Анхелес Мастретта - Любовный недуг
Кресло-качалка висело на крюке где-то под самым небом. Оно было дубовое, с отделкой на спинке и на поперечинах. С резного подголовника улыбалось старческое лицо с пышными усами и бородой. Савальса попросил снять его. Когда оно уже стояло перед ними, он спросил у Эмилии, указывая на старика, может ли тот быть хорошим слушателем. Эмилия села в кресло, энергично покачалась, пробуя сиденье, и спросила у Савальсы, не значит ли это, что он хочет уйти от нее.
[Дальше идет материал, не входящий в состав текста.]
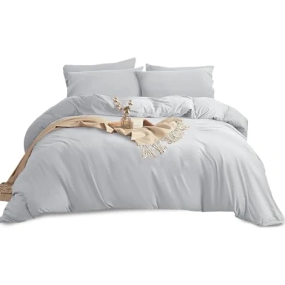 YORKSHIRE BEDDING Duvet Cover Sets Soft & Breathable Brushed Microfibre Plain Double with Pillow cases Button Closure Quilt Bed Set Silver
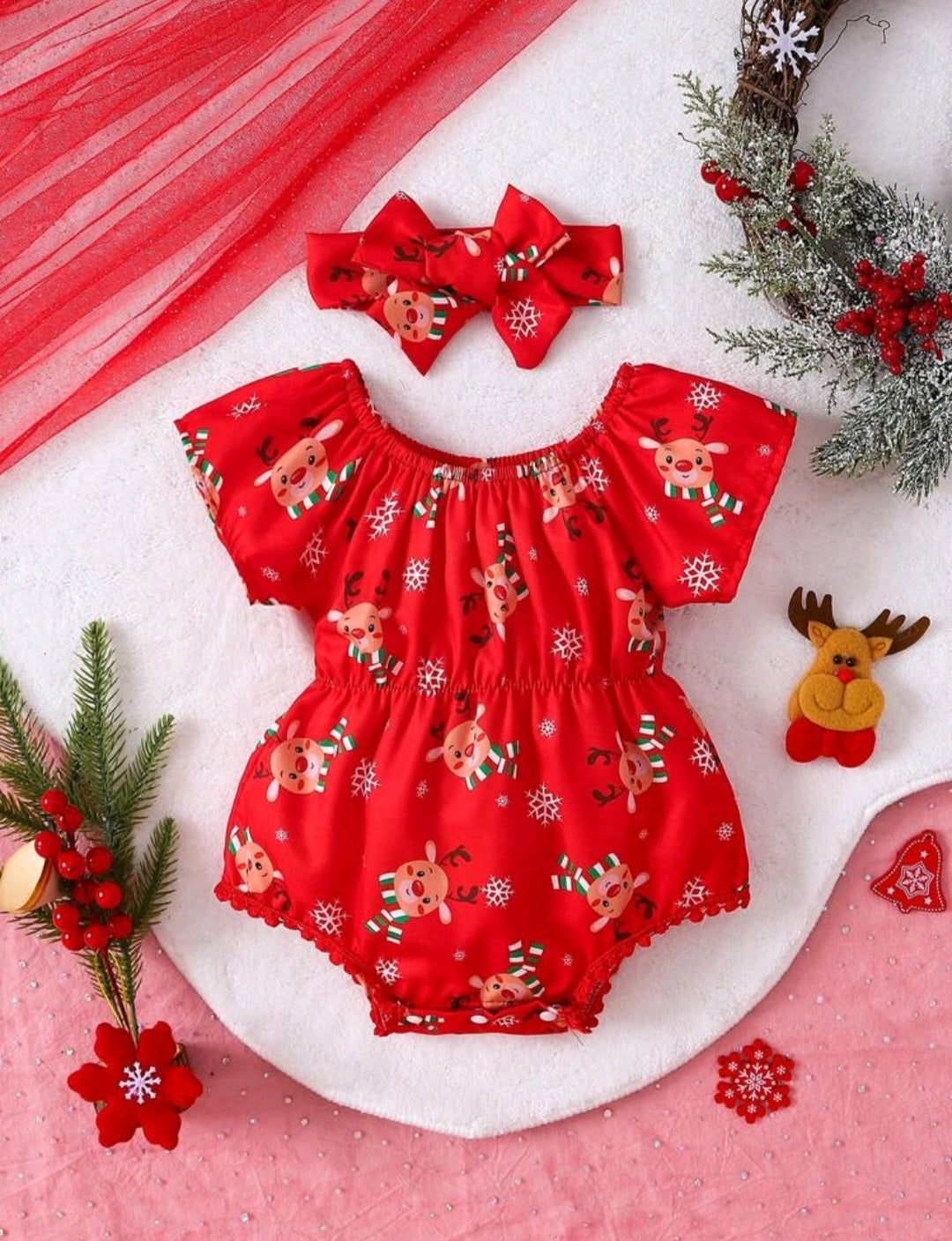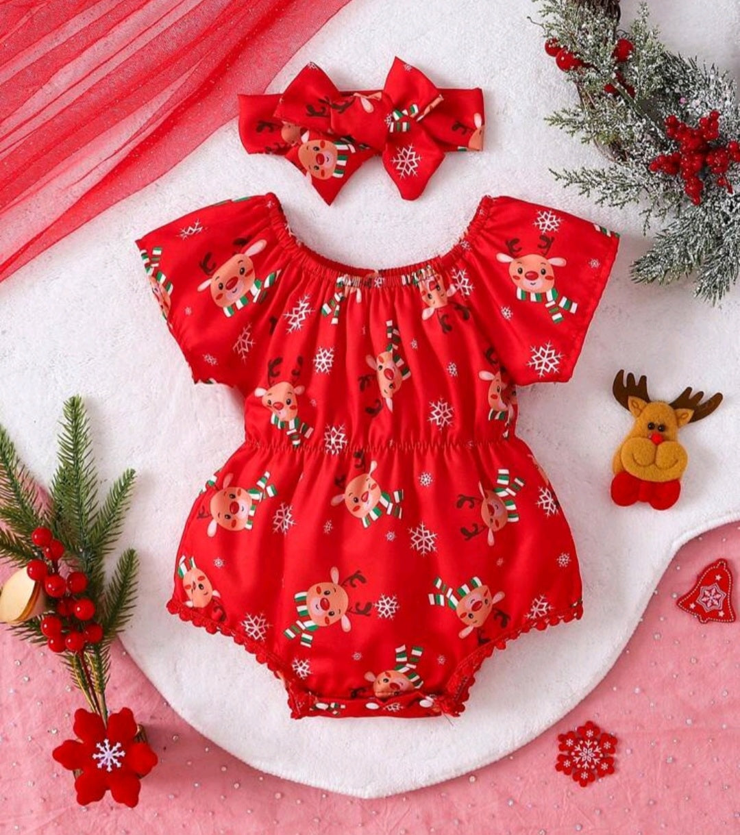 Christmas Reindeer Romper and Headband

Савальса сказал, что по собственной воле не уйдет никогда, но ему нужно быть уверенным, что в случае чего у нее всегда будет слушатель, вместе с которым он сможет восстановить полотно воспоминаний, которое она ткала с лихорадочной настойчивостью, как произведение искусства.
– Ему ты можешь рассказать все, – сказал Савальса. – Даже то, что не можешь рассказать мне.
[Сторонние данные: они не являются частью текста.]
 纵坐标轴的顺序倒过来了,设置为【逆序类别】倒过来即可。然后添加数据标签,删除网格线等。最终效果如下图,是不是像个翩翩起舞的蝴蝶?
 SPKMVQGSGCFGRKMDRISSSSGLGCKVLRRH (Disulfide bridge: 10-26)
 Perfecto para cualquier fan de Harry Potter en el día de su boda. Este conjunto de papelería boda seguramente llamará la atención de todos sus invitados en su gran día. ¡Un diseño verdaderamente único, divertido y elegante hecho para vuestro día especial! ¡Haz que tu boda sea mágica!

Эмилия обозвала его ревнивцем и встала с кресла, чтобы поцелуем стереть все те фантазии, что таились за его нахмуренными бровями. Они никогда не говорили о Даниэле, но, зная о ее склонности к воспоминаниям, как у других, например, к вышивке, Савальса был твердо уверен, что за два года она не забыла ни его чар, ни их совместных приключений.
Они вернулись домой с креслом. Около входной двери, на улице, Савальса попросил свою жену сесть в него, чтобы внести ее в дом вместе с креслом. Эмилия уступила его желанию с необычной торжественностью. Она аккуратно расправила складки на юбке, подняла вверх ноги, закрыла глаза и сказала, что готова. Савальса увидел дрожь ее темных ресниц и, прежде чем поднять ее, склонился к ее губам, шепчущим что-то вроде молитвы. Почувствовав его рядом, Эмилия выдала ему поцелуй, как чек с непроставленной суммой. Эта минута блаженства была пьянящей и дерзкой. Потом он поднял кресло и вошел в дом с этим военным трофеем из горя и счастья, который жизнь отдала ему в руки от щедрот своих.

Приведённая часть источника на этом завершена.